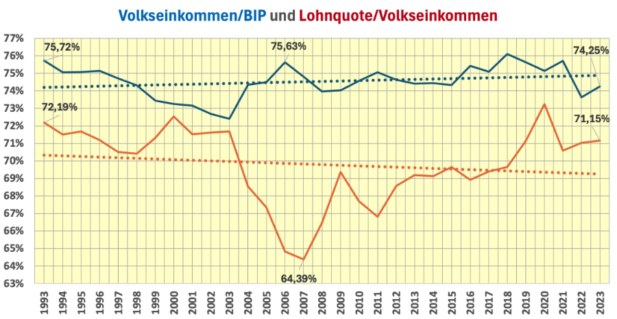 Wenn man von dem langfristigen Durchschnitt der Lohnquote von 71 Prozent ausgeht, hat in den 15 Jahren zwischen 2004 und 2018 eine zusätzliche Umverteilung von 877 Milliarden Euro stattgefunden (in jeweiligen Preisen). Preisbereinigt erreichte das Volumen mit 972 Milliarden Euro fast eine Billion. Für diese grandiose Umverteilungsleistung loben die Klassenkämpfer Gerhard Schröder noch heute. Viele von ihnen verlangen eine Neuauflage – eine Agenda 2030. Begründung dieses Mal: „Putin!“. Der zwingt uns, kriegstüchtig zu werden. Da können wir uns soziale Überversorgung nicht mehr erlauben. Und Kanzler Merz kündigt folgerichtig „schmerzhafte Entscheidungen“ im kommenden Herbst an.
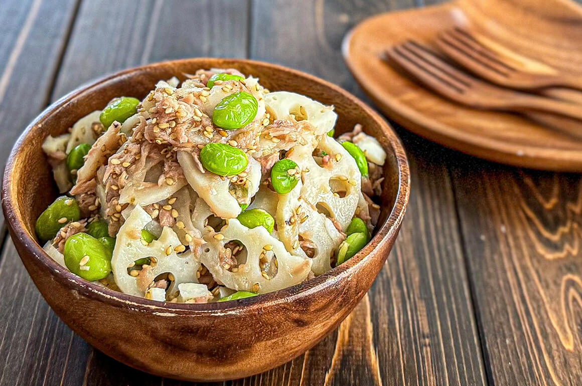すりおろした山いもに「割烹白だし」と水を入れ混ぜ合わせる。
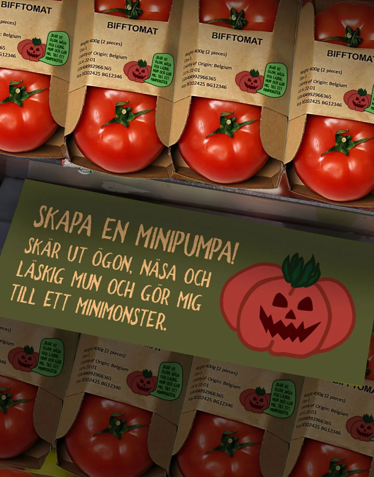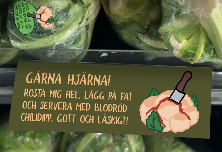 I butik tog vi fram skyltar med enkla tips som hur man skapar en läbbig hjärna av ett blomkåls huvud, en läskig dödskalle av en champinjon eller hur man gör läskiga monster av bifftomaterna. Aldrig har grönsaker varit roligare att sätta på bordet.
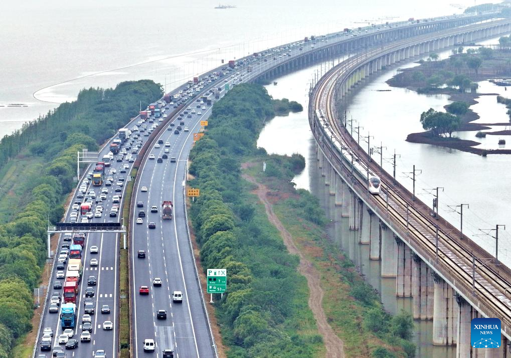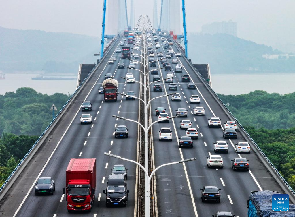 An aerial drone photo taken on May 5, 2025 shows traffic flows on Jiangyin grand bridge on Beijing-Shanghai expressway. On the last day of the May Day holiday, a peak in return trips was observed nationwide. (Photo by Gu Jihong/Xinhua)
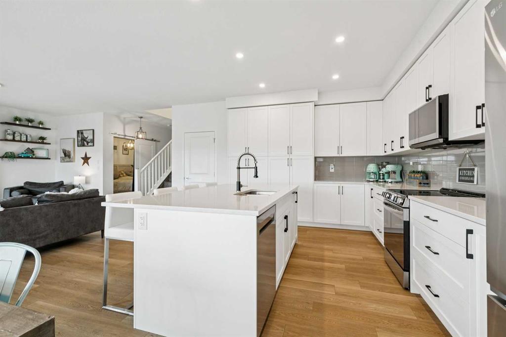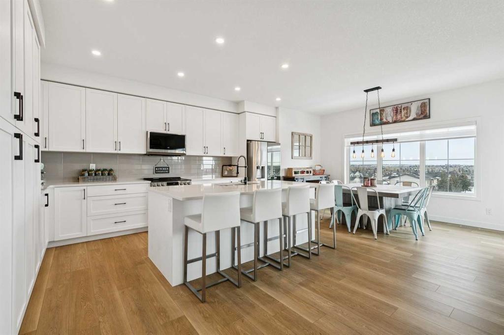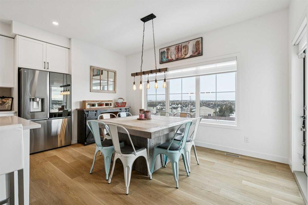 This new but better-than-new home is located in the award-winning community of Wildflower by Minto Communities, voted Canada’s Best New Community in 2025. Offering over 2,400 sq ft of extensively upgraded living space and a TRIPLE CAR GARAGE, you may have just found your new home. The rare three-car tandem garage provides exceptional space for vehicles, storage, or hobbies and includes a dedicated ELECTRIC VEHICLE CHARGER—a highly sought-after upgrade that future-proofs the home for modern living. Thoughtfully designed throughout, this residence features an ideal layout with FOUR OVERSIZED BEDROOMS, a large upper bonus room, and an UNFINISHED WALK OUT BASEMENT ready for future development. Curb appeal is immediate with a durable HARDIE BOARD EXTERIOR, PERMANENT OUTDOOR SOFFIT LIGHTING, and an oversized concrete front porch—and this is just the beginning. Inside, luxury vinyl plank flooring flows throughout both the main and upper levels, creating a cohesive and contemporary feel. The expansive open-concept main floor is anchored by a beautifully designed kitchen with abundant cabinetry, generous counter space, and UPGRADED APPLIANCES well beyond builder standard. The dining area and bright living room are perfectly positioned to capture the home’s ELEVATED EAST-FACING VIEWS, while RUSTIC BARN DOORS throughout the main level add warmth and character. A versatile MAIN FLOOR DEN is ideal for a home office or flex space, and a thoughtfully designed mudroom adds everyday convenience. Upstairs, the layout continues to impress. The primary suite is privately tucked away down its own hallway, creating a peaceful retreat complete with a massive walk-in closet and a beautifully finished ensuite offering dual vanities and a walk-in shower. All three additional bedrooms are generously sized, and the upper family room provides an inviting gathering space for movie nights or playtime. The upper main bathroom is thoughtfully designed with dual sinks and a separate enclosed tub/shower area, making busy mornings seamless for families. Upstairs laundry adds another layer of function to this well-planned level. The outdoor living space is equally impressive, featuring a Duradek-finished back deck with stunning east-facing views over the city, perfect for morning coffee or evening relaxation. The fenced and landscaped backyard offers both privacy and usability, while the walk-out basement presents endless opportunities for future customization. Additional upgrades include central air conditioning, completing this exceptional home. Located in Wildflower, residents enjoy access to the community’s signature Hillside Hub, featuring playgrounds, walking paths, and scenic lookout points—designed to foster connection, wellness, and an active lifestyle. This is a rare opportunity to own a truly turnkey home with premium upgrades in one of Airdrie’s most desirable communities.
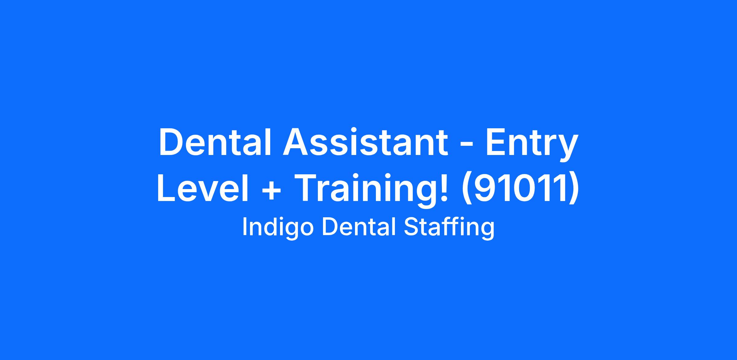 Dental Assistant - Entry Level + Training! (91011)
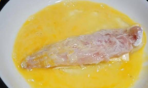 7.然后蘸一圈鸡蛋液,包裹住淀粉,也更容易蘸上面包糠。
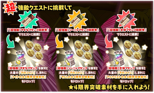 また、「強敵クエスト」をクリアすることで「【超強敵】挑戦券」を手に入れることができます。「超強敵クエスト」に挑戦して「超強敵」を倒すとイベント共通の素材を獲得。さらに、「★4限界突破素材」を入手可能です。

------------------------------

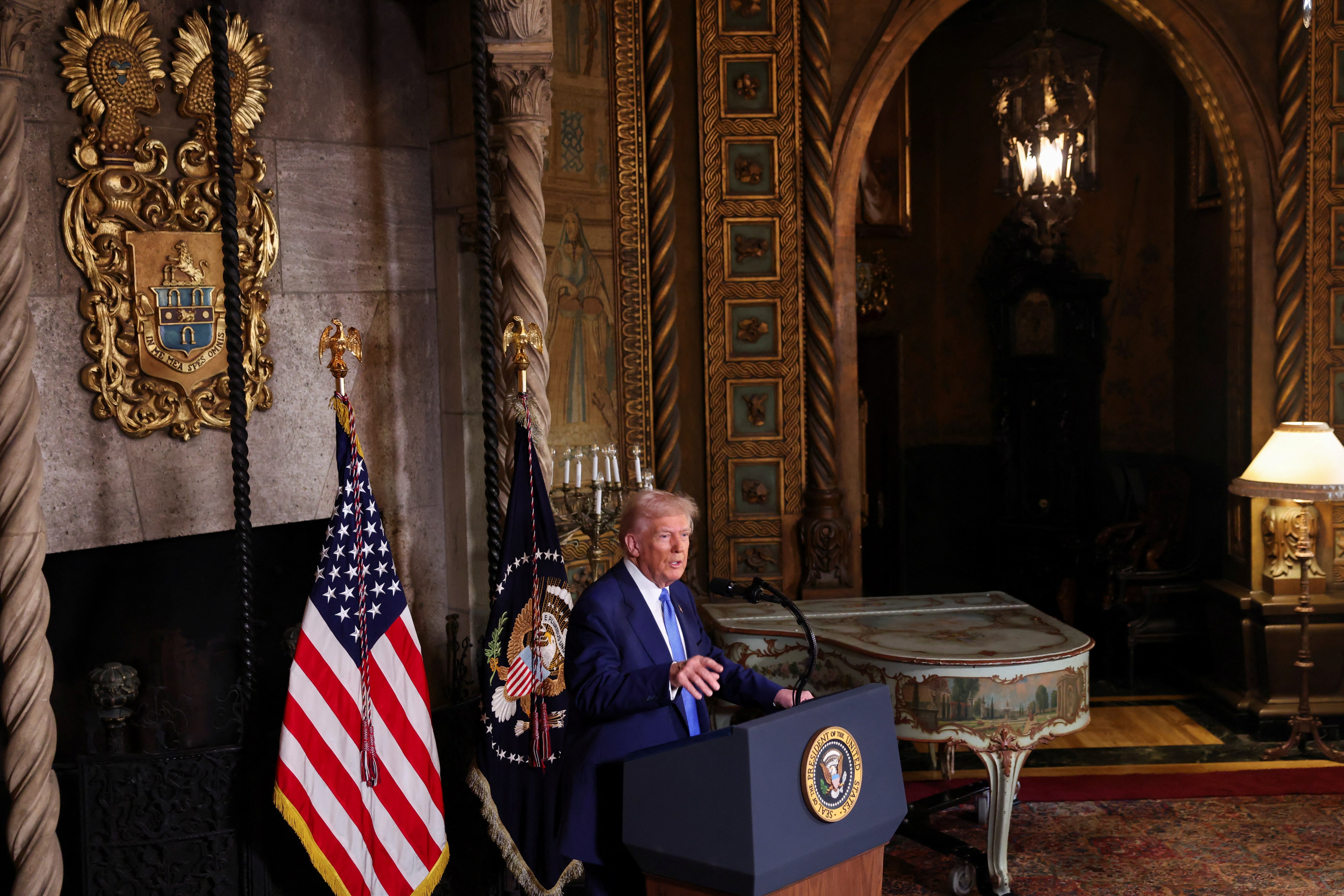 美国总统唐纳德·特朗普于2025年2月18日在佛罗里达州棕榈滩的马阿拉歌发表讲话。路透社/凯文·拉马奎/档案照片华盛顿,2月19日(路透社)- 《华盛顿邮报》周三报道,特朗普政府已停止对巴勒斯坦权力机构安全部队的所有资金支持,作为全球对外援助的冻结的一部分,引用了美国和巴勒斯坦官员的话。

------------------------------

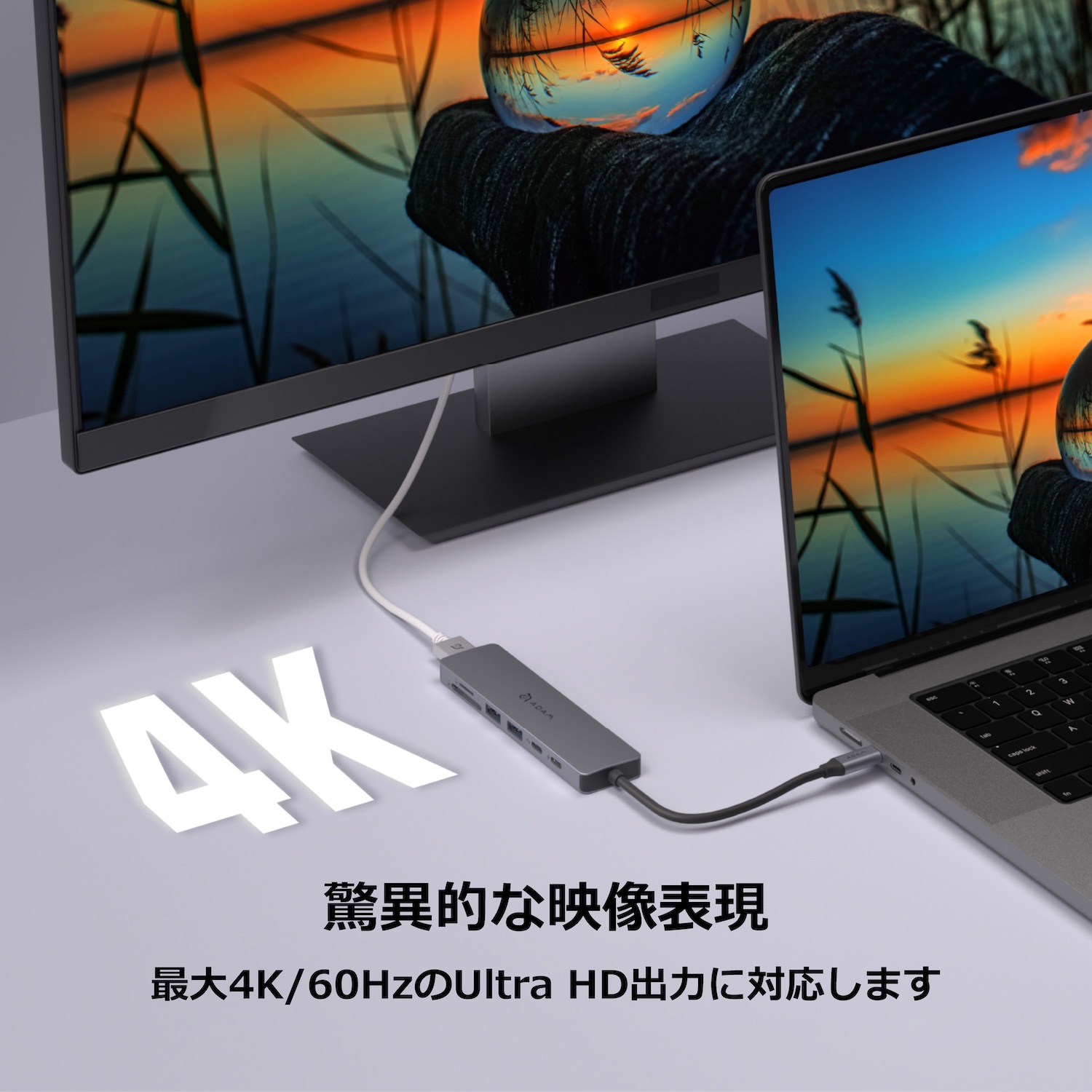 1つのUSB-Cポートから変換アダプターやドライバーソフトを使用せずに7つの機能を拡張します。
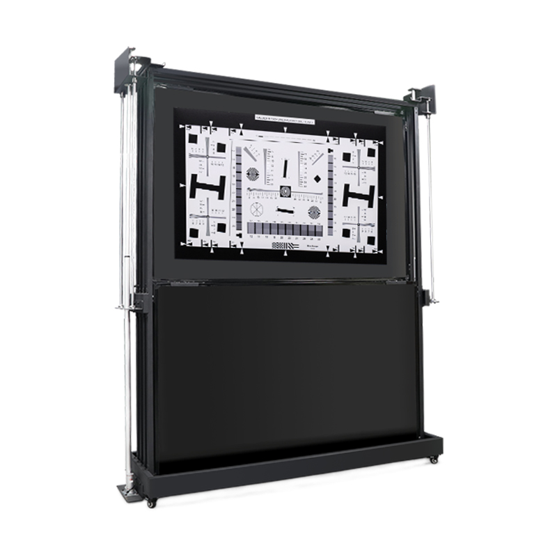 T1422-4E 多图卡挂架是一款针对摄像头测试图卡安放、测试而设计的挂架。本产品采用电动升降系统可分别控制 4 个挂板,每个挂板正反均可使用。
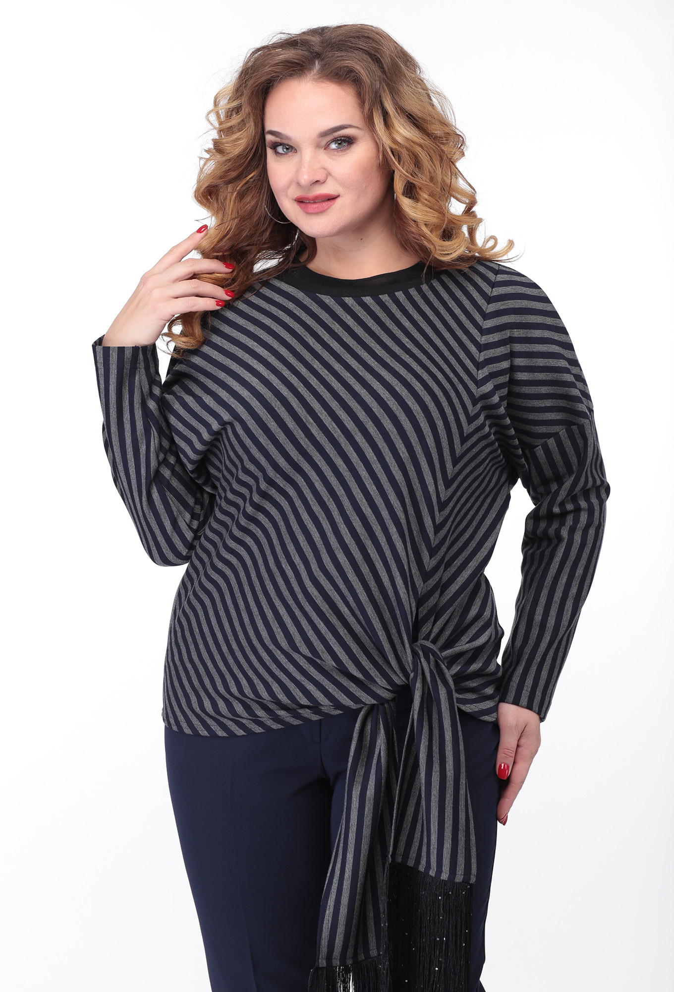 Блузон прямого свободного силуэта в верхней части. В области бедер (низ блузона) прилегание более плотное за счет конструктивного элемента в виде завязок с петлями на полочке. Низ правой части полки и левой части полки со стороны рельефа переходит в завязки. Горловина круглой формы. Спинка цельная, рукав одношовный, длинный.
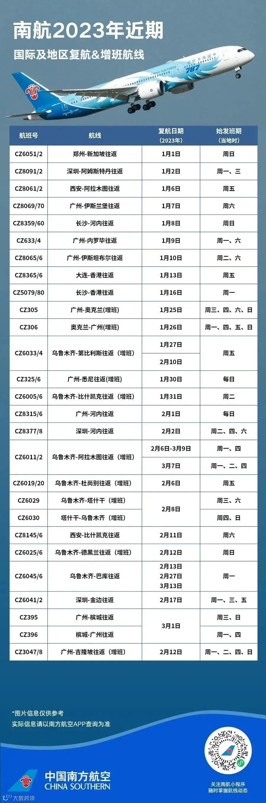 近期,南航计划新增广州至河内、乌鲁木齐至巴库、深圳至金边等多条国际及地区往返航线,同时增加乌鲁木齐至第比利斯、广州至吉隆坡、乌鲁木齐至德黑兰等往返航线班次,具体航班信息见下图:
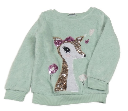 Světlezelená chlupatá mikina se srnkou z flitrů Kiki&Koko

------------------------------

#### Required work
Pictures aside, print exactly the lines above starting with the one containing "Wenn man von" and going on through the one containing "I butik tog".

#### Problem solution
 Wenn man von dem langfristigen Durchschnitt der Lohnquote von 71 Prozent ausgeht, hat in den 15 Jahren zwischen 2004 und 2018 eine zusätzliche Umverteilung von 877 Milliarden Euro stattgefunden (in jeweiligen Preisen). Preisbereinigt erreichte das Volumen mit 972 Milliarden Euro fast eine Billion. Für diese grandiose Umverteilungsleistung loben die Klassenkämpfer Gerhard Schröder noch heute. Viele von ihnen verlangen eine Neuauflage – eine Agenda 2030. Begründung dieses Mal: „Putin!“. Der zwingt uns, kriegstüchtig zu werden. Da können wir uns soziale Überversorgung nicht mehr erlauben. Und Kanzler Merz kündigt folgerichtig „schmerzhafte Entscheidungen“ im kommenden Herbst an.
すりおろした山いもに「割烹白だし」と水を入れ混ぜ合わせる。
 I butik tog vi fram skyltar med enkla tips som hur man skapar en läbbig hjärna av ett blomkåls huvud, en läskig dödskalle av en champinjon eller hur man gör läskiga monster av bifftomaterna. Aldrig har grönsaker varit roligare att sätta på bordet.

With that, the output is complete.